My metaphlantophyloseq object is in the screenshot below. In addition to creating the base object, I’ve worked today also to include some metadata. Ultimately I’d like to be able to group samples according to metadata (eg sex of study subject from which a sample was taken), and then calculate within (alpha) and between (beta) diversity using those groups. I’m still troubleshooting this metadata step; for some reason, when I use merge_phyloseq to append sample data to my metaphlantophyloseq output, I lose a couple samples, down to 85 from 89.

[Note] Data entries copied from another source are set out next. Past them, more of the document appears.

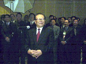 圖:江澤民會見駐美人員、留學生和華僑華人代表
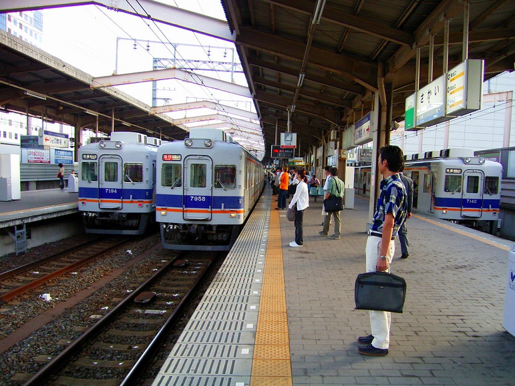 堺駅で後続の急行に乗り換え
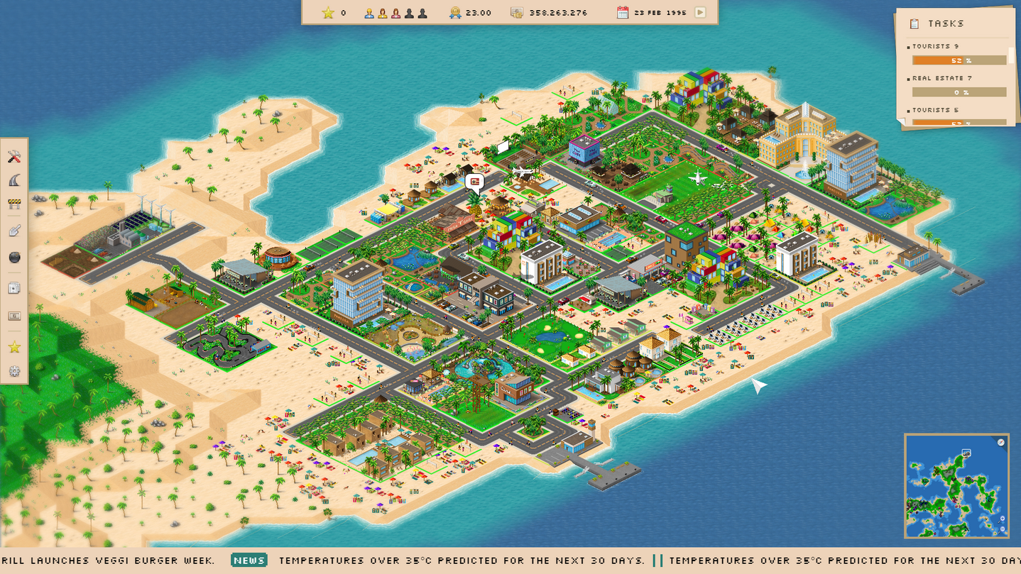 Buy new buildings from a wide range of building types. From houses and hotels to restaurants, stores, parks attractions etc. Here you can distinguish between mass tourists and luxury tourists. Buildings with luxury tourists earn you more money, but are expensive and have a lower capacity. Also note that mass tourists and luxury tourists have different preferences as to which buildings are nearby.
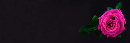 pink rose flower on dark background. A pink rose flower with green leaves on a dark background with selective focus. Pink flowers, the concept of a poster on the wall. horizontal image
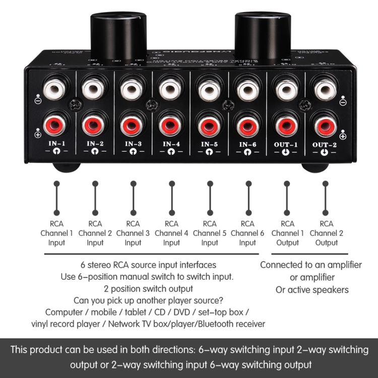 6 input 2 output or 2 output 6 input stereo audio signal selection switcher, with RCA port design

Putting that aside, though, the main followup issue I’d love to pick your brain about is again more conceptual. When I try to get alpha diversity from phyloseq (following this tutorial), I get the error below:

Looking at my initial merged metaphlan output (a screenshot of which is embedded within my initial post) I believe I have relative abundances, not absolute, and that might be what’s causing me trouble here. Is it true, as per this post, that I’d need absolute abundances for calculating alpha diversity using phyloseq? This other forum seems to imply that I can calculate the diversity metrics I’m interested in from relative abundance using qiime2. I see in googling that there are means of transporting the phyloseq object I’ve created into qiime2 (one example). Before I set down that path, though, I wanted to check whether my understanding of restrictions around use of relative abundance in phyloseq was accurate. Does qiime2 seem like a solid next move, or is there another option I don’t know to consider?

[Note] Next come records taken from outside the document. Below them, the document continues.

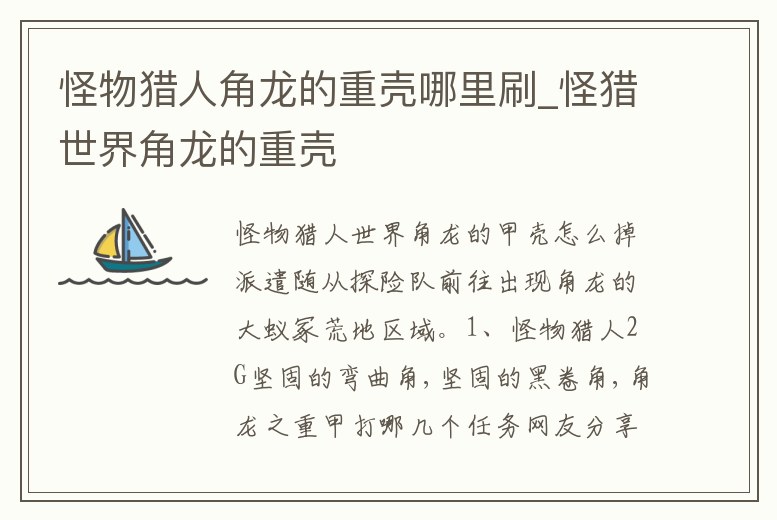 怪物獵人角龍的重殼哪里刷_怪獵世界角龍的重殼
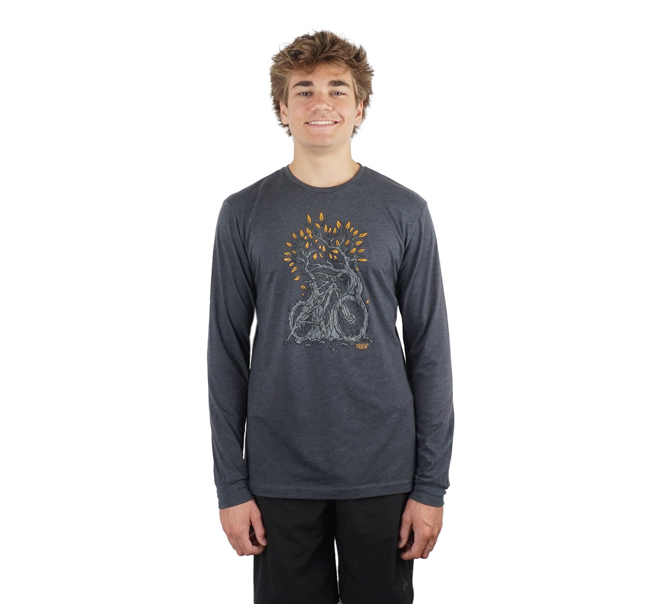 In order to make this premium long sleeve mountain bike inspired quality T-Shirt, we use a "tagless" ring spun combed cotton T-shirt as our base. All of our printing is done using environmentally friendly inks, which provide an extremely soft hand after printing. These inks are embedded into fabric, so that they yield a soft look, as well as feel. The end result is the softest, smoothest, best-looking short sleeve tee shirt available anywhere!
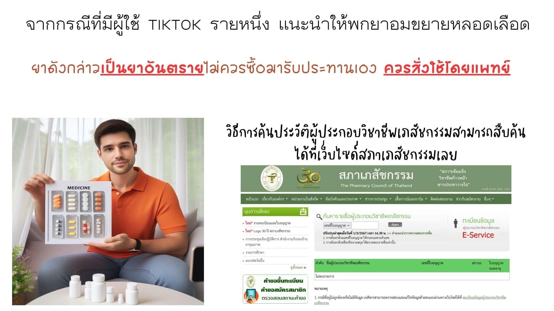 ทั้งนี้ เพจเฟซบุ๊ก Pharma Plus ออกมาระบุต่อประเด็นดังกล่าวด้วยว่า ยาดังกล่าวเป็นยาอันตรายควรให้แพทย์พิจารณาในการจ่ายหากต้องการตรวจสอบว่าเป็นเภสัชกร สามารถตรวจสอบได้ง่ายๆที่เว็บไซต์ ของสภาเภสัชกรรม

Thanks again for your help in response to my last post!!

Yes, this is right. Since phyloseq was designed to be used with amplicon data, it requires to use counts data. You can predict read counts with MetaPhlAn if you run it with the option -t rel_ab_w_read_stats, or otherwise, you can use the imported matrix as input for other packages like vegan or just use a custom function implementing an alpha diversity measure. I don’t see the point of exporting to qiime2 since it will anyhow requires counts values.

Unlike the alpha diversity, you can easily run the beta diversity with phyloseq using relative abundances.